Results: IL1raKO mice showed increased vulnerability to Abeta-induced neuropathology relative to their WT counterparts. Specifically, IL1raKO mice exhibited increased mortality, enhanced microglial activation and neuroinflammation, and more pronounced loss of synaptic markers. Interestingly, Abeta-induced astrocyte responses were not significantly different between WT and IL1raKO mice, suggesting that enhanced IL-1 signaling predominately affects microglia.
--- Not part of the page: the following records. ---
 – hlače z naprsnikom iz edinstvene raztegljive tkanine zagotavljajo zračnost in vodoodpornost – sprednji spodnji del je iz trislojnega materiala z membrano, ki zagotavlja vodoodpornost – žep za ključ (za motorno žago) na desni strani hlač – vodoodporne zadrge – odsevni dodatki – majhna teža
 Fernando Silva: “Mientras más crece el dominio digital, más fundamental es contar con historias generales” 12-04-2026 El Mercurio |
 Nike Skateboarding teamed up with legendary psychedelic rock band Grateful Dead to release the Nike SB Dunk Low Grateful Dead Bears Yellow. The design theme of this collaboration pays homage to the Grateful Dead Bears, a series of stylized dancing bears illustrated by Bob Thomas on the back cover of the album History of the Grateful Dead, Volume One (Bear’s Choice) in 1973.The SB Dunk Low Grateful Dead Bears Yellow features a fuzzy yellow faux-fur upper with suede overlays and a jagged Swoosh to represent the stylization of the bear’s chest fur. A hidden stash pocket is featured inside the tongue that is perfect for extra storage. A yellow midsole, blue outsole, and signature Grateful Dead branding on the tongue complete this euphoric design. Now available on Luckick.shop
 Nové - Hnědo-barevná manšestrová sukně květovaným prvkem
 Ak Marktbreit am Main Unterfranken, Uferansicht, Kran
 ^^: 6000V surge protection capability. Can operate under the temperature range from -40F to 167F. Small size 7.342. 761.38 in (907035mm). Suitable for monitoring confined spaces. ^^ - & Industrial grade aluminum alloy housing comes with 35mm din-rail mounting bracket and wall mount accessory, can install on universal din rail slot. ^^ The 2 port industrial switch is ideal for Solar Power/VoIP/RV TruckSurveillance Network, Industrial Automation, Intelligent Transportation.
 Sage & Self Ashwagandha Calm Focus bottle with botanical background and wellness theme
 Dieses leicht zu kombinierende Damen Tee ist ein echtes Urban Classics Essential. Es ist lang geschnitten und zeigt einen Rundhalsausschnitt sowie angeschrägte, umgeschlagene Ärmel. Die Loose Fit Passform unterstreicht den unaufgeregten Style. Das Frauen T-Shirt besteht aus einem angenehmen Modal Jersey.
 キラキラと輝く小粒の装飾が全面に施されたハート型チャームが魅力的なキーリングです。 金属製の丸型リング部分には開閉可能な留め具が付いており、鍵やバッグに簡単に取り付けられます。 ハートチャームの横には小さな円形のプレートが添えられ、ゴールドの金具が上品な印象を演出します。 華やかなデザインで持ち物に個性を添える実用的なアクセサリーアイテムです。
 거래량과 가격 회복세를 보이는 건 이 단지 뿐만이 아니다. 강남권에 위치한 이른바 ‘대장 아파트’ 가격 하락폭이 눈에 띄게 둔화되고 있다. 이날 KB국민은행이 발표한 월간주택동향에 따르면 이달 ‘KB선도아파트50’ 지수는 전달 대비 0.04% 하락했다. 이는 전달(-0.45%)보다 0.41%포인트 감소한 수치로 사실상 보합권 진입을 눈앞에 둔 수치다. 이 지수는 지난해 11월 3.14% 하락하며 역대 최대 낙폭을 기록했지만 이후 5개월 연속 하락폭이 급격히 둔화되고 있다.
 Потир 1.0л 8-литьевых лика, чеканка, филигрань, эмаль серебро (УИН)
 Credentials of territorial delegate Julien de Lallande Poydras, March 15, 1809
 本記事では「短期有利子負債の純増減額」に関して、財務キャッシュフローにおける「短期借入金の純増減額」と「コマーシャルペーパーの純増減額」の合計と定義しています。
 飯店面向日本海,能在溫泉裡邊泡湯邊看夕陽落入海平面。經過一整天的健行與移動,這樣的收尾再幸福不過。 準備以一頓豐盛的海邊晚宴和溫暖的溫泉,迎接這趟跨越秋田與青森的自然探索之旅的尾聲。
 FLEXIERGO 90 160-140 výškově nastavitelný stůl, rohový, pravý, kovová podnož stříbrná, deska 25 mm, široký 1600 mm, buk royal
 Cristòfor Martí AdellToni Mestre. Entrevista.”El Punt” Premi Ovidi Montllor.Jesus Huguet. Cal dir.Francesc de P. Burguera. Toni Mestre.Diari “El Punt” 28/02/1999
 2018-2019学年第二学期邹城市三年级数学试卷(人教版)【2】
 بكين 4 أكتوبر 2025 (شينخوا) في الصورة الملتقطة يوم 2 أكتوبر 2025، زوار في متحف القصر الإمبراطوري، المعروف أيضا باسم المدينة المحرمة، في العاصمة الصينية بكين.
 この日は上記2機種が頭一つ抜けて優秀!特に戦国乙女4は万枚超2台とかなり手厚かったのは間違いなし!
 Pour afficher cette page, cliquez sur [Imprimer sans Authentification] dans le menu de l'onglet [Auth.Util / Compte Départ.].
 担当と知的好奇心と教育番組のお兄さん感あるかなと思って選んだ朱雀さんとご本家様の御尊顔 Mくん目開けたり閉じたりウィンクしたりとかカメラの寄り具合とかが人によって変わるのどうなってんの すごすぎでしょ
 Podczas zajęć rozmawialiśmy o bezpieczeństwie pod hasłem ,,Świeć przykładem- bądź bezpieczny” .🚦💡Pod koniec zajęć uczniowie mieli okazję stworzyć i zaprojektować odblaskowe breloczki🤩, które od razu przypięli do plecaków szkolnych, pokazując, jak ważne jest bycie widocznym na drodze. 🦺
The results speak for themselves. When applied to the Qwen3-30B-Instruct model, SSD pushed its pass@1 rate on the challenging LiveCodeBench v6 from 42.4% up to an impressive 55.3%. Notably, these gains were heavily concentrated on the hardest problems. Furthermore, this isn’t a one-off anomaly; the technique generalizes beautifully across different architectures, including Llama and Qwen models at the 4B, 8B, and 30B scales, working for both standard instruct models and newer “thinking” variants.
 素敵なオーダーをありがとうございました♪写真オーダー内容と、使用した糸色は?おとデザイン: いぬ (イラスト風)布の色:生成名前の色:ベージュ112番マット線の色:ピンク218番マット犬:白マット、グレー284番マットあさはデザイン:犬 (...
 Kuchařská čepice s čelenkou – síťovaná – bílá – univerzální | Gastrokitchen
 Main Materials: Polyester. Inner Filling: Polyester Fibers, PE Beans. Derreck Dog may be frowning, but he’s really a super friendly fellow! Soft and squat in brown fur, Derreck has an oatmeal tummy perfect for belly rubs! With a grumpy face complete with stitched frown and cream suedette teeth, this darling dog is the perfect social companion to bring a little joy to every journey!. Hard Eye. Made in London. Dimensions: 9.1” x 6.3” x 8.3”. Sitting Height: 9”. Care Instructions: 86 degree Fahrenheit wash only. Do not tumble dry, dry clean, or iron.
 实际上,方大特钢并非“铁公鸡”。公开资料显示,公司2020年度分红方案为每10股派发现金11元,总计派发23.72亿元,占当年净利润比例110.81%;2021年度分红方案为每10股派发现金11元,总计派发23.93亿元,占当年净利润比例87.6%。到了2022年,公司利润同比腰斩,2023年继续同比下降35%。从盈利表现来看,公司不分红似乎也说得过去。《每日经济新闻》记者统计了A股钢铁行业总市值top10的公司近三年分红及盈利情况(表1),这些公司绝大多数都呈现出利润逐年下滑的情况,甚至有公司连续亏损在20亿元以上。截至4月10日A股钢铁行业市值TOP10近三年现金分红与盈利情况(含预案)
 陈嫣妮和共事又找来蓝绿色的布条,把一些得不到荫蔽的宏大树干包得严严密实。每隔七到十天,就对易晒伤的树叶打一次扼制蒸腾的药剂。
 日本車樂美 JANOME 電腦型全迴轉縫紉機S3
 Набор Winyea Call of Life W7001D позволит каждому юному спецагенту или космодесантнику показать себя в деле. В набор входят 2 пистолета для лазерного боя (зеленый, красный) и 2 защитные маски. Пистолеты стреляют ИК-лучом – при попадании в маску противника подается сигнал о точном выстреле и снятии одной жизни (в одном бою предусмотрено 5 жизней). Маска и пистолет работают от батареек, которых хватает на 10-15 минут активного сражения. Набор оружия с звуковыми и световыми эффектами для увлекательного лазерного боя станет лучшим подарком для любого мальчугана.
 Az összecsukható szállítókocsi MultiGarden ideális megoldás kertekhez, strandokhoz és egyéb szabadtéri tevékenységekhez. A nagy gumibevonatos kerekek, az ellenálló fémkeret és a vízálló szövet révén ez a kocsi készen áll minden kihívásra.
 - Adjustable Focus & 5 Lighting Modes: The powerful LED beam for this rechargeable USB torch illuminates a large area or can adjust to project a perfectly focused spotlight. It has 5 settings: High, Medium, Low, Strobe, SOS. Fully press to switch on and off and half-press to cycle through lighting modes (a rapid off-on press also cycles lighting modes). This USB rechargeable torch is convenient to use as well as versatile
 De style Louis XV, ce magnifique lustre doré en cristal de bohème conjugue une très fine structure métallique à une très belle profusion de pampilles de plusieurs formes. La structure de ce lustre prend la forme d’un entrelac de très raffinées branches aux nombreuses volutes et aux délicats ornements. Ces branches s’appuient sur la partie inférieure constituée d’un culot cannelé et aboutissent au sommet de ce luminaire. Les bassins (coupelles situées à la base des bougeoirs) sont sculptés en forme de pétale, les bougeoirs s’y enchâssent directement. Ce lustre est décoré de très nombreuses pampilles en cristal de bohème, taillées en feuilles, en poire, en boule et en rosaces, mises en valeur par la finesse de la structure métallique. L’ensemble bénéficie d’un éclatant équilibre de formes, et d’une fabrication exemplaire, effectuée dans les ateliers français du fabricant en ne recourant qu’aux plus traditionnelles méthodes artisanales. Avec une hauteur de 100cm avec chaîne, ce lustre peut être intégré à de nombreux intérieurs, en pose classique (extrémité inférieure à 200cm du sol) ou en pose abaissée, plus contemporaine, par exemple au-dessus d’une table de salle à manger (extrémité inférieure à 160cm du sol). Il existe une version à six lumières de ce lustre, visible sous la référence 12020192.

Conclusion: Our data are consistent with the neuroinflammation hypothesis whereby increased IL-1 signaling in AD enhances glia activation and leads to an augmented neuroinflammatory process that increases the severity of neuropathologic sequelae.

Figure 1

Increased mortality in IL1raKO mice during Aβ infusion. Alzet pumps containing Aβ1–42 or vehicle were surgically implanted in IL1raKO and WT littermate mice (n = 10–12 mice per Aβ-infused group; n = 5 mice per vehicle-infused group), and post-operative survival was monitored for 42 days. Kaplan-Meier survival curves show that WT mice infused with vehicle or Aβ, and IL1raKO mice infused with vehicle experienced no mortality during the time period. In contrast, Aβ-infused IL1raKO mice experienced a 50% mortality rate (6 of the 12 animals died before 42 days). This mortality was significantly different from the other experimental and control groups (error bars = SEM; p < 0.05).

Figure 2

Microglia activation following Aβ infusion. WT and IL1raKO mice infused with Aβ or vehicle for 28 days were sacrificed on day 42 (n = 5–10 mice/group survived for analysis). Brains were bisected and the right side of the brain was processed for immunohistochemistry while the left hippocampus was dissected and used for biochemical analysis. A) Levels of the pro-inflammatory cytokine IL-1β were significantly higher in IL1raKO mice infused with Aβ compared to WT mice infused with Aβ. B) TNFα levels also showed a stronger upregulation in Aβ-infused IL1raKO mice compared to Aβ-infused WT mice. C) F4/80 immunostaining for activated microglia also revealed a significant increase in IL1raKO mice infused with Aβ versus WT mice infused with Aβ. Representative photomicrographs of F4/80-positive microglia in the hippocampus of a D) WT mouse infused with Aβ, and E) IL1raKO mouse infused with Aβ. Arrowheads point to microglia cell bodies. Bar in D-E = 50 μm (error bars = SEM; * Significantly different, p < 0.01; ***Significantly different, p < 0.001).

Figure 3

Astrocyte activation following Aβ infusion. WT and IL1raKO mice were infused with Aβ or vehicle, and brains prepared as in Figure 2. A) Levels of the pro-inflammatory astrocyte-derived cytokine S100B showed a similar degree of upregulation in Aβ-infused IL1raKO and WT mice. B) Numbers of GFAP-positive astrocytes were increased to a similar degree in both WT and IL1raKO mice infused with Aβ. (error bars = SEM; p > 0.05 between Aβ-infused IL1raKO and WT mice).

Figure 4

Loss of synaptic markers following Aβ infusion. WT and IL1raKO mice were infused with Aβ or vehicle, and brains prepared as in Figure 2. A) Aβ-infused mice had reduced hippocampal PSD-95 levels compared to vehicle-infused mice, and there was a significantly larger decrease in IL1raKO mice infused with Aβ versus their WT counterparts (error bars = SEM; * p < 0.05). B) The presynaptic marker synaptophysin was reduced in Aβ-infused mice compared to the vehicle-infused mice. In addition, the reduction in synaptophysin in Aβ-infused mice was greater in IL1raKO mice compared to WT mice, although the difference did not quite reach statistical significance (error bars = SEM; p = 0.07).